In the example embodiment, the brushroll 546 can be operably coupled to and driven by a drive assembly including a dedicated brush motor 503 disposed in the cavity 561 of the lower cover 501 and one or more belts, gears, shafts, pulleys or combinations thereof to provide the coupling. Here, a transmission 510 operably connects the motor 503 to the brushroll 546 for transmitting rotational motion of a motor shaft 505 to the brushroll 546. In the present example, transmission 510 can include a drive belt 511 and one or more gears, shafts, pulleys, or combinations thereof. Alternatively, a single motor/fan assembly (not shown) can provide both vacuum suction and brushroll rotation in the multi-surface wet vacuum cleaner 10. A brush motor exhaust tube 515 can be provided to the brush motor 503 and configured to exhaust air to the outside of the multi-surface wet vacuum cleaner 10.

The transmission 510 can, for example, include a drive head 506 fixed with a brush gear 507 by an axle 508. A bearing 509 may also be carried on the axle 508. The drive belt 511 can be coupled between the brush gear 507 and a pulley 511 on the motor shaft 505.
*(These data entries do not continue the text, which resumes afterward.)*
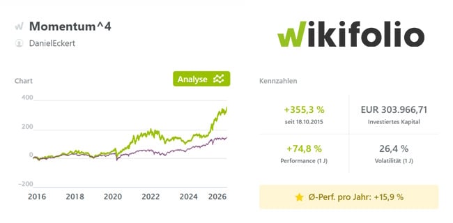 Einen vollkommen anderen, primär technisch orientierten Weg verfolgt Daniel Eckert mit seinem wikifolio Momentum^4. Momentum ist ein bewährtes Konzept, von dessen Vorteilen auch "bekannte Wissenschaftler" überzeugt sind, wie Eckert in seiner kurzen Handelsidee ausführt. Tatsächlich gibt es zahlreiche Studien zu Überrenditen durch Momentumseffekte. Bleibt also noch zu klären, was es mit "^4" auf sich hat. Dies ist nicht etwa eine kryptische Formel, mit der das Momentum noch einmal gehebelt werden soll, sondern ein Verweis auf die Rückschauperiode, die bis zu vier Quartale betragen kann. Tatsächlich liegt die eigentliche Kunst beim Momentum-Investing darin, zwischen echtem und damit tragfähigem Momentum und solchen Aktien zu unterscheiden, die einfach nur kurzfristig übergekauft sind. Eckert darf man hier einiges an Expertise zutrauen, hat er sich doch das Thema "Rationales Investieren" auf die Fahne geschrieben. Das unterstreicht er auch mit seinem Daytime-Job, in dem er sich wissenschaftlich mit dem Thema auseinandersetzt. Im wikifolio wendet er seine Expertise vorzugsweise auf das Universum deutscher Aktien an. Aktuell hält er 36 Einzeltitel und ist damit praktisch voll investiert. Wie gut diese rein technische Methode funktioniert, zeigt die Historie. Denn Eckert startete bereits am 18.10.2015, also vor mehr als zehn Jahren, und konnte seitdem eine jährliche Durchschnittsrendite von +15,9 % erwirtschaften. Den Vogel schoss er allerdings in den letzten zwölf Monaten ab. Hier stehen atemberaubende +74,7 % auf der Uhr. Alles in allem ergibt dies eine sehr erfreuliche Gesamtperformance von +355 %.
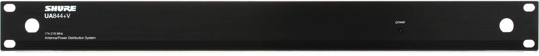 Antenna Distribution System for QLX-D and ULX-D Sweetwater recommends the Shure UA844+V/LC antenna distribution system for expanding your QLX-D or ULX-D VHF wireless microphone systems. The UA844+V/LC works by splitting one pair of antennas out to multiple receivers; it also amplifies RF signals to offset insertion loss from splitting signal power to multiple outputs. One UA844+V/LC system can support up to five wireless receivers; you can use a maximum of five UA844+V/LC systems in a 2-tiered configuration. Note: The UA844+V/LC is the VHF version. The UHF version is available here. Please contact your Sweetwater Sales Engineer if you have any questions.Shure UA844+V Features: 5-way RF signal output Compatibility: VHF QLX-D and ULX-D receivers Front-mount antenna hardware Includes rackmount hardware 4 DC power feeds — 15V, 2.5A maximum Antenna-bias DC outputs — 12V, 300mA maximum 1 UA844+ antenna/power distribution system 1 PS45 power supply 2 bulkhead adapters 1 rackmount hardware kit
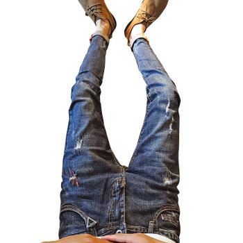 JAZKY破洞牛仔裤男修身小脚弹力直筒韩版潮流乞丐裤子春夏季九分裤 CC-175-NZK浅蓝色 34 |
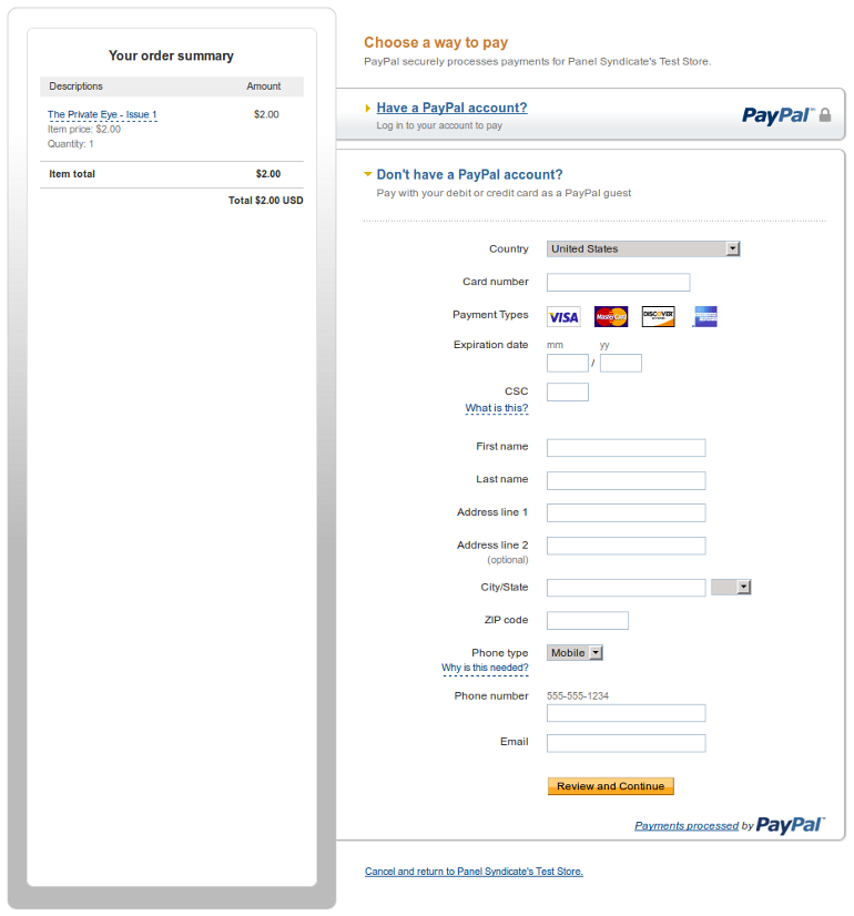 Paying at PayPal without a PayPal account
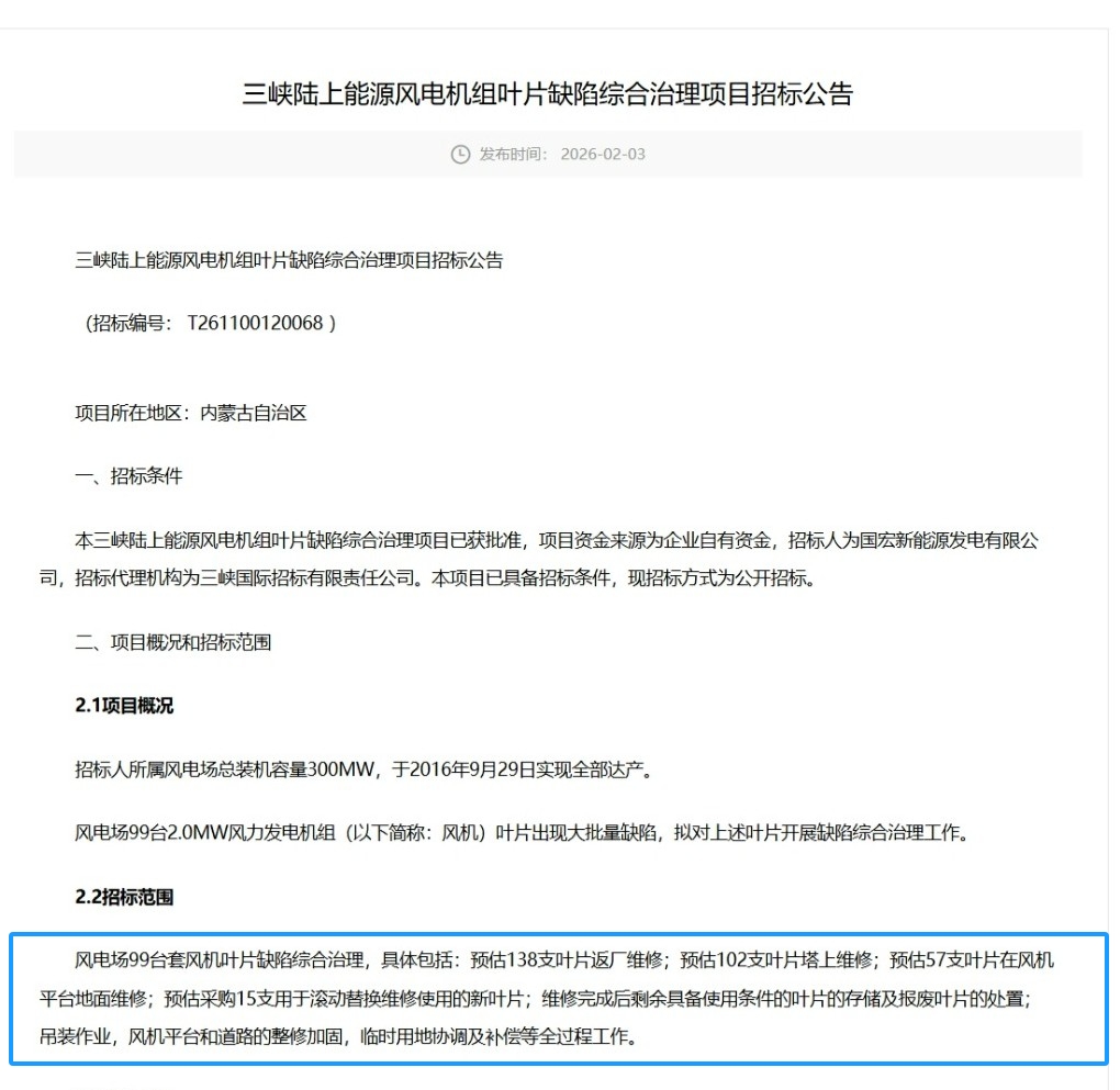 2026年2月3日,三峡发布《三峡陆上能源风电机组叶片缺陷综合治理项目招标公告》。

The drive head 506 is driven by the drive belt 511 and is interengaged with the brushroll 546. The brushroll 546 includes a dowel 46 that supports an agitating element, and is rotatably mounted within the brush chamber 565 via end plates 512, only one of which is visible in FIG. 8 and which are located on the ends of the dowel 46. The drive head 506 can, for example, have a splined connection with the end plate 512 on the transmission-side of the brushroll 546. The cylindrical dowel 46 further includes an axle 513 at the opposite end plate 512 (not visible in FIG. 8). The axle 513 is rotatably fixed with the dowel 46 and is received within a bearing assembly 514 mounted to the housing of the foot assembly 500, for example, mounted on the lower cover 501, thus permitting the dowel 46 to rotate about the central axis of the dowel 46 with respect to the brush chamber 565.

FIG. 9 is a perspective view of the hybrid brushroll 546. Hybrid brushroll 546 is suitable for use on both hard and soft surfaces, and for wet or dry vacuum cleaning. In this exemplary embodiment, brushroll 546 comprises a dowel 46 that supports an agitating element, which is shown herein as a hybrid or dual agitating element including a plurality of tufted bristles 48 or unitary bristle strips extending from the dowel 46 and microfiber material 49 provided on the dowel 46, arranged between the bristles 48.

As shown herein, the bristles 48 are arranged in a row of bristles 48 extending from the dowel 46 in a helical pattern that wraps around the dowel 46. In other embodiments, multiple rows of bristles 48 can be provided, with the microfiber material 49 arranged between the rows.

Also as shown herein, the bristles 48 protrude radially from the dowel 46 but do not protrude outwardly beyond the microfiber material 49. As best seen in FIG. 10, in at least some embodiments of the hybrid brushroll 546, the tip or terminal end of the bristles 48 can be recessed relative to the outer surface of the microfiber material 49.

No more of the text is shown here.